The notion of task (or item) equivalence or parallel test forms might be useful in
settings where students take just one form exactly once. When students (and their
teachers) are re-exposed to a task designed to assess problem solving, the task is
likely to fail as a measure of problem solving simply by virtue of the fact of prior
exposure. Repeated exposure changes a novel task into an exercise. Once the task
becomes know in the educational community, it will be practised in class (which may
well have a positive educational impact in that it might develop some aspects of
problem solving behaviour) and so looses its ability to assess the fluid deployment of
problem solving skills when used as part of a test. Paradoxically, the more
interesting and memorable the item, the less suited it will be for repeated use in
assessment (and the more useful it will be when used as a curriculum item). It
follows that repeated use of the same test, and the use of parallel forms of a test, is
likely to change the construct validity of a test. Therefore, if one wishes to create
tests whose construct validity matches some general educational goals (such as
assessing mathematical attainment), then tests need to be constructed from items
sampled across the domain in a principled way; each year, new tests must be
designed. if this can be done, then users can only prepare for the test by deepening
their knowledge across the whole domain, not just a selective part of it.
Ridgway: Fat Anchor
5
Using new tasks each year has some benefits in terms of educational validity,
because each year, tests can be exposed to public scrutiny. This openness to the
educational community means that teachers and students can understand better the
demands of the system, and can respond to relative success or failure in adaptive
ways, notably by working in class in ways like to improve performance on the range
of tasks presented. The converse approach of having 'secure' tests encourages a
conception of 'ability' which is not grounded in classroom activities, and suggests no
obvious course of action in the face of poor performance.

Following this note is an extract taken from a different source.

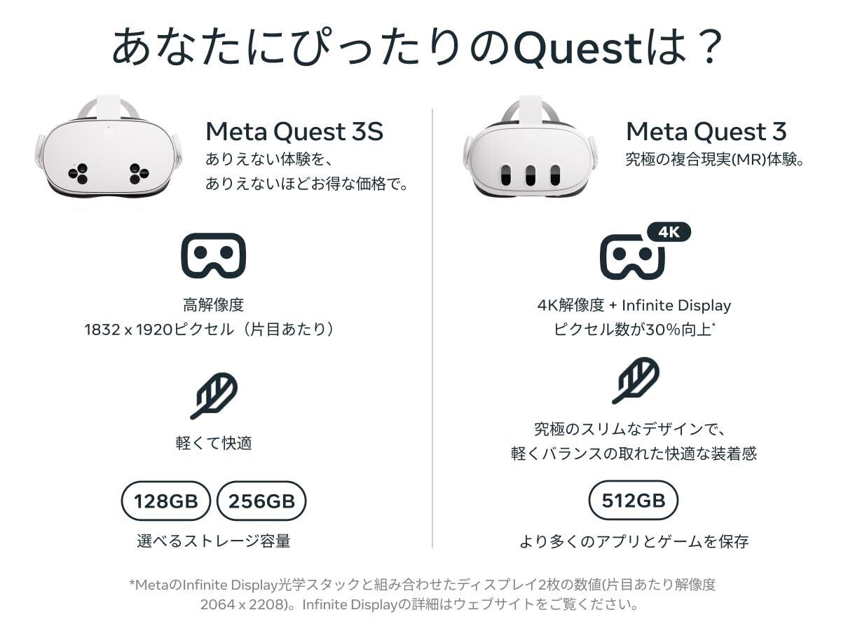 Meta Quest 3Sの魔法を体験しよう。デジタルのゲームやエクササイズ、エンターテインメントを現実空間にミックス。大好きなことを、まったく新しい方法で楽しめる。どんな部屋でも、没入感あふれる映画館に変えられる。お気に入りのゲームの世界に飛び込んで冒険することもできる。友達がどこにいても、同じ場所にいるような感覚で一緒に過ごせる。ワイヤレスで軽いMeta Quest 3Sだから、自由自在に動き回れる。ありえない体験を、ありえないほどお得な価格で。さあ、無限に広がる世界に飛び込もう。お子様の安全な使用方法をオンラインでご確認ください。対象年齢は10歳以上です。

The use of new tests each year helps solve the problem of justifying the construct
validity of tests used to sample a broad domain, but poses two major problems: first
that the construct validity needs to be reassessed each year; and second that it
becomes difficult to make judgements about the relative difficulties of tests given in
successive years, and therefore to judge the effectiveness of the educational system
in terms of improving student performance year by year.
It follows that the calibration of tests must be taken seriously.
5.
ANCHORING
Anchoring is a process designed to allow a comparison of scores from different
tests to each other. There are two dominant approaches to anchoring: one relies on
expert judgement (Angoff procedure; Jaeger’s Method); the other on statistical
moderation (e.g. Rasch scaling). More sophisticated approaches use a combination
of the two (e.g. Bookmarking; Ebel’s Method). Here, we focus mainly on the ways
that statistical moderation might help the awarding process.
The notion of an anchor test (or sometimes even a single task) is straightforward.
If one wishes to calibrate two different tests given on different occasions, or to
different groups of students on the same occasion, one might use an 'anchor' test
which is taken by all students. The relative difficulties of the two tests can be
compared by judging their difficulty relative to the anchor. Anchors can take a variety
of forms: a single item might be included in both tests; a small anchor test might be
administered alongside both the target tests, or a test of some general cognitive
ability might be given on both occasions.
Consider the situation where a novel mathematics test is set each year. A problem
arises because individual tasks will differ in difficulty level if taken by the same set of
students. It would be unfair to set grades using raw scores alone, because of these
differences. Suppose that tests are created anew each year, based on the same test
blueprint. Suppose that the raw scores of all students are obtained together with a
measure of IQ for two adjacent cohorts. One would expect that (other things being
equal) students with the same IQ would receive identical scores on the two test
administrations, and so any observed differences can be accounted for in terms of
the differences in task difficulty, not student attainment. It follows that the scores on
the second test can be adjusted in the light of the scores on the first test, and the
light of the relative IQs of students in both samples. This anchoring method is
directly analogous to norm referencing, using a covariate (IQ) to adjust the norms.
6
Chapter Error! No text of specified style in document.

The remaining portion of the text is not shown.